Tejon welcomes the news that more restaurants are coming to town. Anything that can bring life back to this historical town would be great, she said, because she had heard at one point it was a good spot.
"So maybe by people bringing good flavor in we can make it come back to life and put us back on the map," Tejon said.
One of the new businesses coming to town will be an Italian restaurant at 825 W. Main Street in the old Huntington Bank location.
Bernardo "Denny" Fischetti runs his father's restaurant, Portofino's, in St. Petersburg, but with a pizzeria on every corner in the Pinellas County city he looked elsewhere to open his own Italian restaurant and chose Avon Park.
"I like the town; it's peaceful; it's a very nice town; it's beautiful," he said.
He likes the expanse of the mall between the eastbound and westbound lanes of Main Street, he said. "It's really cool; it's really nice."
As soon as they get all the permits and blueprints set they will start renovating with the hopes of opening in March, he said.
"I have been saving up forever to do this," he said.
Felicia Caldwell opened a hair salon seven months ago on Main Street.
She grew up in Avon Park, but lived in Virginia for 10 years before returning to open a business.
"I went to Sebring first and the rents were so high," she said.
Then she checked Avon Park.
"I saw there were a lot of empty shops and stuff and I thought, 'Hey, maybe I can get in there,'" she said. With no deposit and rent at half the price of Sebring, she decided to open up on East Main Street, next to the Depot Restaurant.
David Ailstock opened his Eighteen East restaurant and bar in November 2011 at 18 E. Main St.
A couple years ago he was riding his motorcycle around checking various locations including downtown Sebring, but then saw the "for rent" and "for sale" signs in downtown Avon Park.
In two days he bought two buildings, but he wasn't sure what he was going to do, Ailstock said.
"I like the straight streets of downtown Avon Park; the cute buildings; the Jacaranda is just full of history," he said.
Many downtowns lose parking space when they remodel, but almost every building on Main Street has parking in the rear, which is an enticement for potential businesses, he said.

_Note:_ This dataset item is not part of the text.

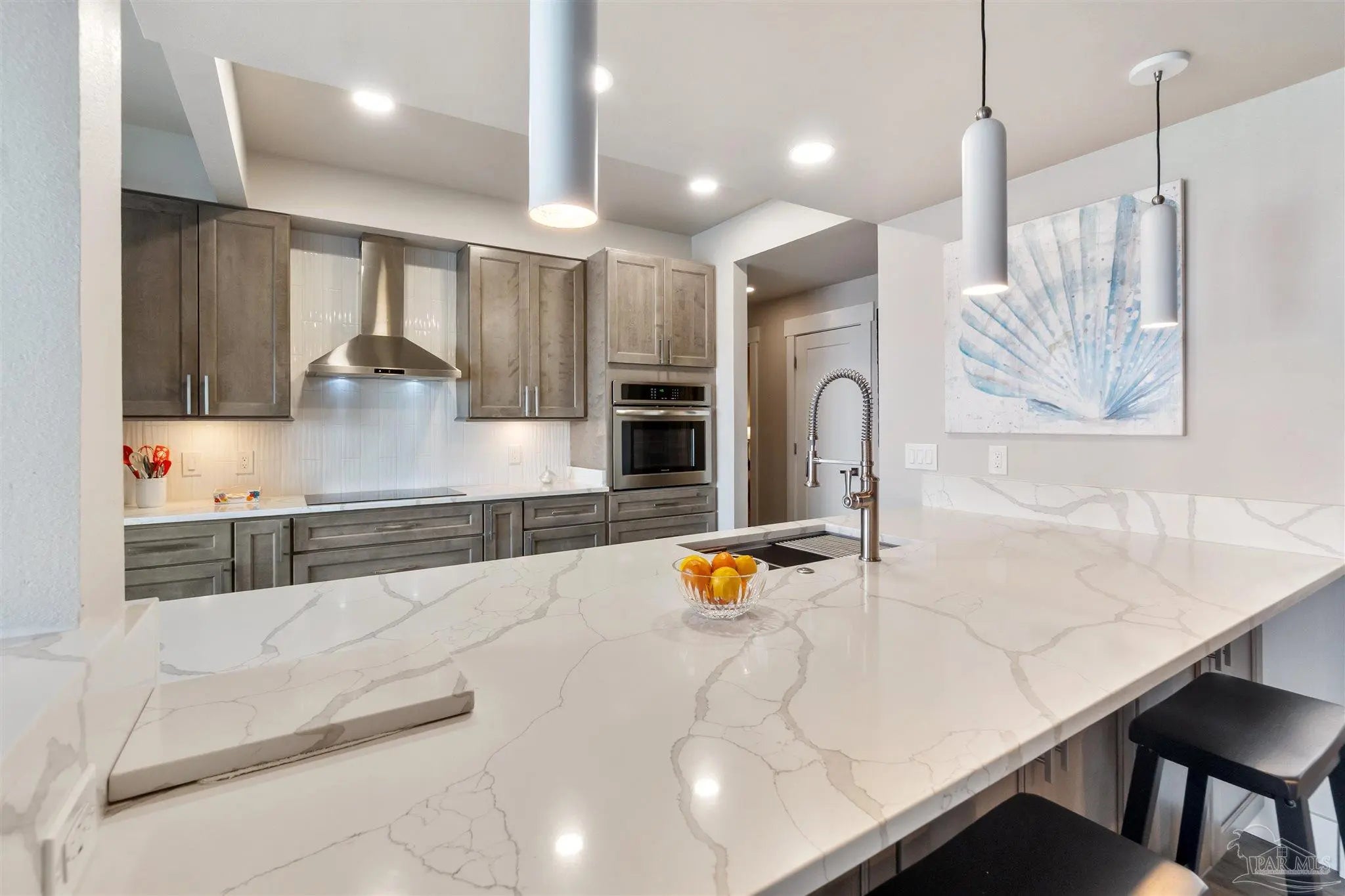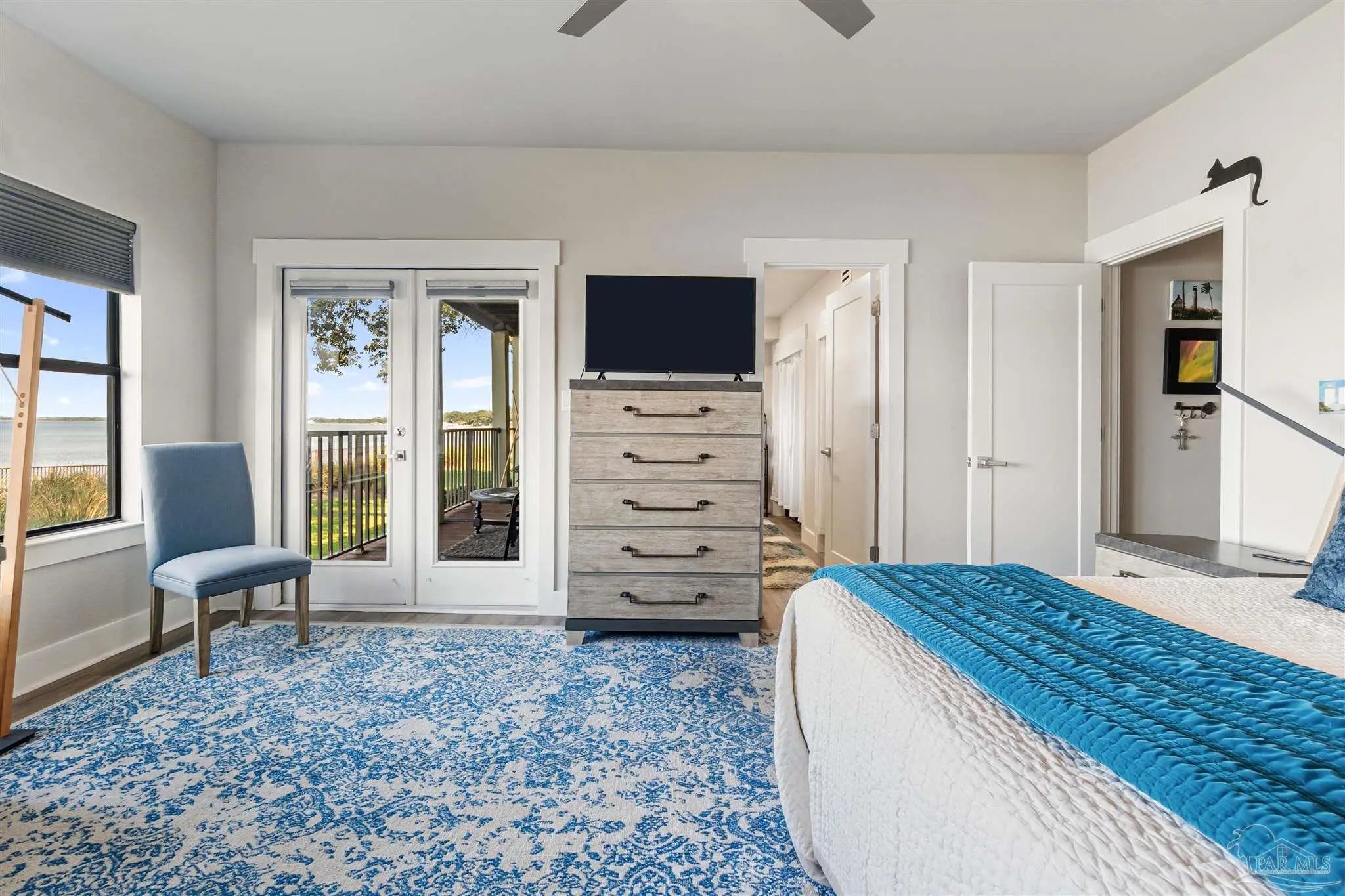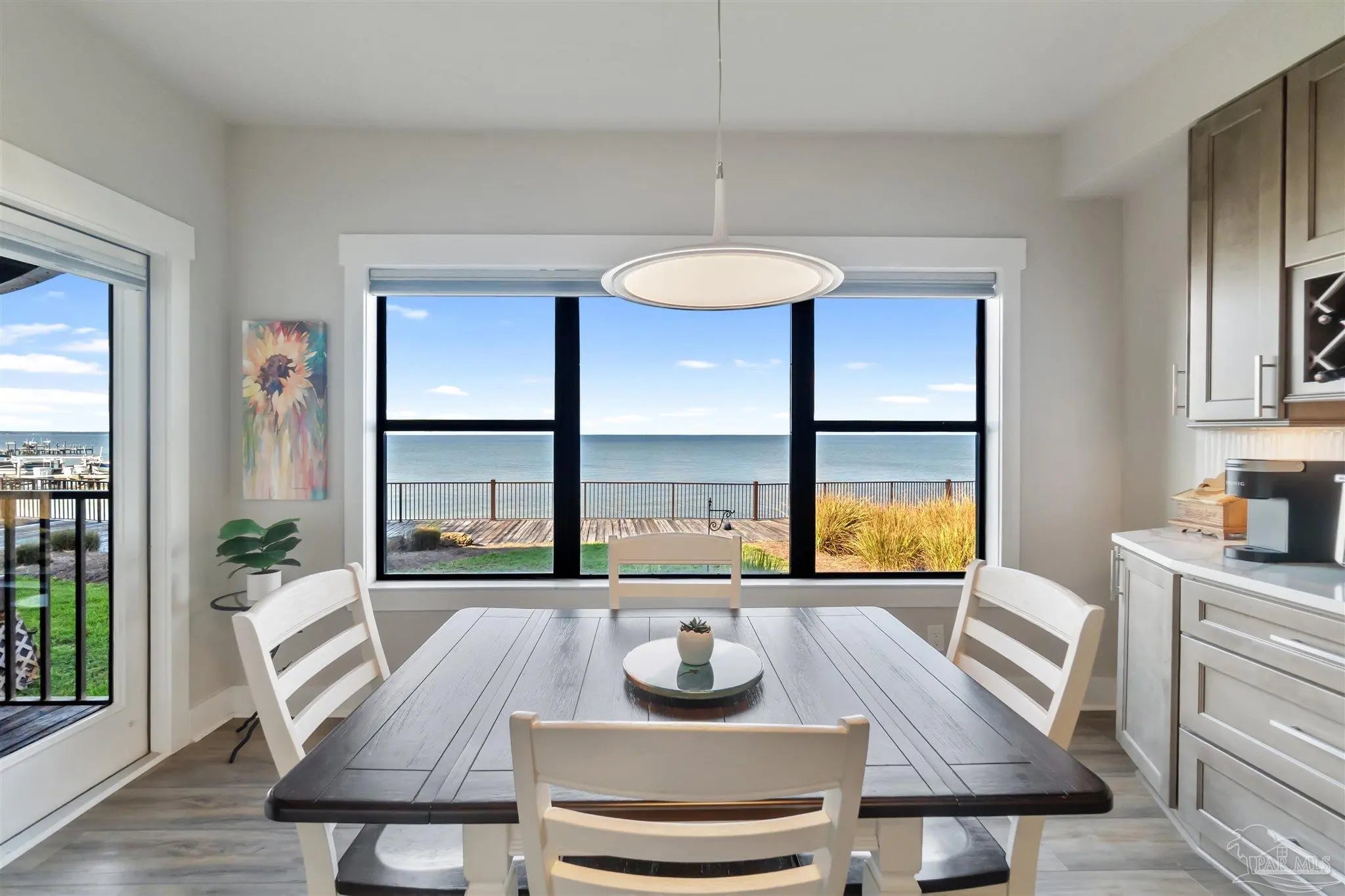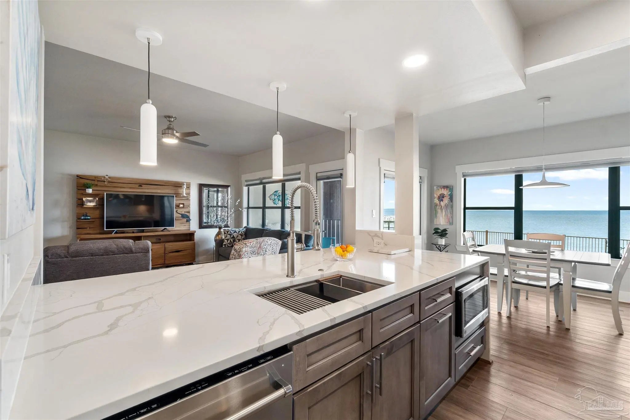 Embrace the ultimate in coastal living with this rare single-level, 3-bedroom, 2-bath condo located directly on the water in Gulf Breeze Proper. Set within the prestigious Baybridge Community, this beautifully updated unit combines serene waterfront views with thoughtful, high-end upgrades. Every detail has been thoughtfully updated—from the luxury vinyl flooring and cottage-style trim to the open-concept kitchen featuring a quartz countertop island with bar seating, sleek stainless appliances, and custom cabinetry that extends into the waterfront dining area. Enjoy the spa-like bathrooms with tiled showers, glass enclosures, and elegant vanities. Two French doors lead to 2 covered balconies that offer cool breezes and seamless panoramic views of Pensacola Bay. Extras include a whole-house water purification system, an oversized 2-car garage with built-in storage, and access to resort-style amenities—pool, tennis courts, private beach, boardwalk, and boat slips available for purchase. Close to downtown Pensacola and located directly on Pensacola Bay, this is waterfront living at its finest.

There is more parking than he can fill within 100 yards of his place.
Ailstock, who had a restaurant in a small town in Indiana, feels welcomed in Avon Park.
"They have taken under their arms and welcomed me like one of their own so its been really good," he said.
The City of Avon Park has been easy to work with to start a business, he noted.
At Monday's city council meeting, City Manager Julian Deleon noted that one of the council's previously established priorities was a "business-friendly atmosphere."
That priority resulted in the council passing a resolution and ordinance in March that allows new utility customers to finance their connection fees, he said. The program is being used extensively. It promotes the utilization of the older downtown buildings, Deleon said.
Administrative Services Director Maria Sutherland noted that new business slated to open include the Italian restaurant, a Mexican restaurant in the old Progress Energy building and a Latin restaurant on Lake Avenue.
Councilman Garratt Anderson said in relation to the business-friendly atmosphere, the city should have a citizen-friendly atmosphere as well, including more city activities such as recreation.
Deleon asked if Anderson meant more community programs such as the Springtime Festival on the Mall.
Garrett said "Yes."
The city's annual Oktoberfest has grown into a major event in five years, with attendance around 4,000 people this year. The Avon Park Community Redevelopment Agency Main Street District and the Avon Park Chamber of Commerce host the community event.
In other measures to help residents and businesses, in 2011/2012 the city reduced its sanitation rates and sewer rates by 10 percent for customers within the city limits, Deleon said, and for 2012/13, property taxes were reduced by 39 percent, going from the highest to the lowest in the county.
"I am also forecasting as we get into the 2013-14 budget year there will likely be some other heavy reductions in the ad valorem millage," he said.
"Despite the downturn in the economic cycle we are seeing growth in downtown Avon Park," Deleon said. As long as the city keeps doing the right things it will make it easier to relocate and open a business in Avon Park.